PHP Scales

The news that Friendster migrated to PHP from JSP for scalability reasons has triggered much needed discussion in the Java community.

Chris Shiflett at O’Reilly had this to say (source rc3.org):

…how does scalability apply to the Web? First, you should ask yourself whether the Web’s fundamental architecture is scalable. The answer is yes. Some people will describe HTTP’s statelessness in a derogatory manner. The more enlightened people, however, understand that this is one of the key characteristics that make HTTP such a scalable protocol. What makes it scalable? With every HTTP transaction being completely independent, the amount of resources necessary grows linearly with the amount of requests received. In a system that does not scale (where “does not scale” means that it scales poorly), the amount of resources necessary would increase at a higher rate than the number of requests. While HTTP has its flaws (the proper spelling of referrer being one), there’s no arguing that it scales, and this is one of the things that made the Web’s early explosive growth less painful than it would have otherwise been.

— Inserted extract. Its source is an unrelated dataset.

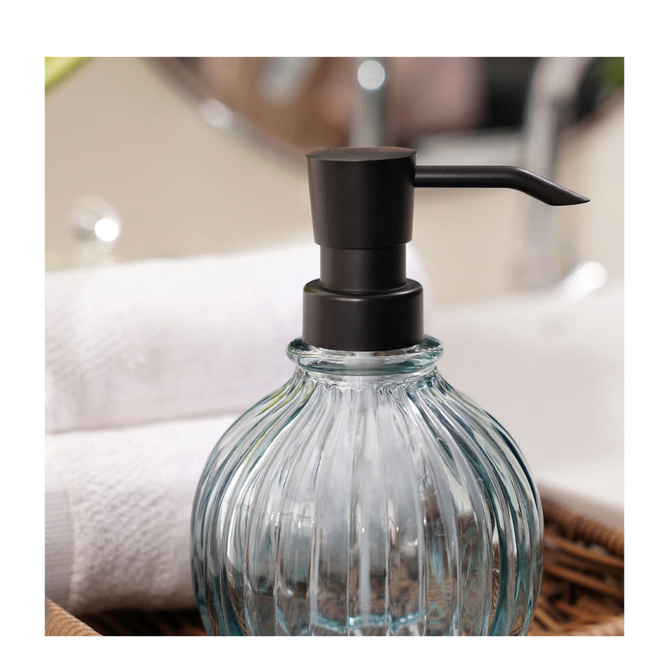 Premium Quality Blue Ribbed Glass Soap Dispenser Luxury Bathroom Accessories Soap Dispenser for Home and Hotel Usage

The present discussion is about developing Web applications that scale well, and whether particular languages, technologies, and platforms are more appropriate than others. My opinion is that some things scale more naturally than others, and Rasmus’s explanation above touches on this. PHP, when compiled as an Apache module (mod_php), fits nicely into the basic Web paradigm. In fact, it might be easier to imagine PHP as a new skill that Apache can learn. HTTP requests are still handled by Apache, and unless your programming logic specifically requires interaction with another source (database, filesystem, network), your application will scale as well as Apache (with a decrease in performance based upon the complexity of your programming logic). This is why PHP naturally scales. The caveat I mention is why your PHP application may not scale.

A common (and somewhat trite) argument being tossed around is that scalability has nothing to do with the programming language. While it is true that language syntax is irrelevant, the environments in which languages typically operate can vary drastically, and this makes a big difference. PHP is much different than ColdFusion or JSP. In terms of scalability, PHP has an advantage, but it loses a few features that some developers miss (which is why there are efforts to create application servers for PHP). The PHP versus JSP argument should focus on environment, otherwise the point gets lost.

I actually disagree with George’s statement, “PHP doesn’t magically scale ‘naturally'”. Of course, I understand and agree with the spirit of what he’s trying to say, which is that using PHP isn’t going to make your applications magically scale well, but I do believe that PHP has a natural advantage, as I just described. Rasmus seems to agree with me, and George might also agree, despite his statement.

I think PHP scales well because Apache scales well because the Web scales well. PHP doesn’t try to reinvent the wheel; it simply tries to fit into the existing paradigm, and this is the beauty of it.

When he quotes Rasmus Lerdorf I think he gets to the heart of the matter:

A typical Java application will make use of the fact that it is running under a JVM in which you can store session and state data very easily and you can effectively write a web application very much the same way you would write a desktop application. This is very convenient, but it doesn’t scale. To scale this you then have to add other mechanisms to do intra-JVM message passing which adds another level of complexity and performance issues. There are of course ways to avoid this, but the typical first Java implementation of something will fall into this trap.

PHP has no scalability issues of this nature. Each request is completely sandboxed from every other request and there is nothing in the language that leads people towards writing applications that don’t scale.

It’s been my experience that because of Java’s abundance of riches when it comes to application design, many using it concentrate too much on tuning the Java code on the application tier, instead concentrating on all other areas of opportunity.

Because PHP does not offer so many different options to cache or pass data within applications written with it, there is far less chance for a developer or project manager to think the scalability problem can be solved entirely there. It forces you to look at the other sub-systems in across your architecture and make sure you have the resources to do so.

I have a perfect example from work experience that I?ll share with you sometime.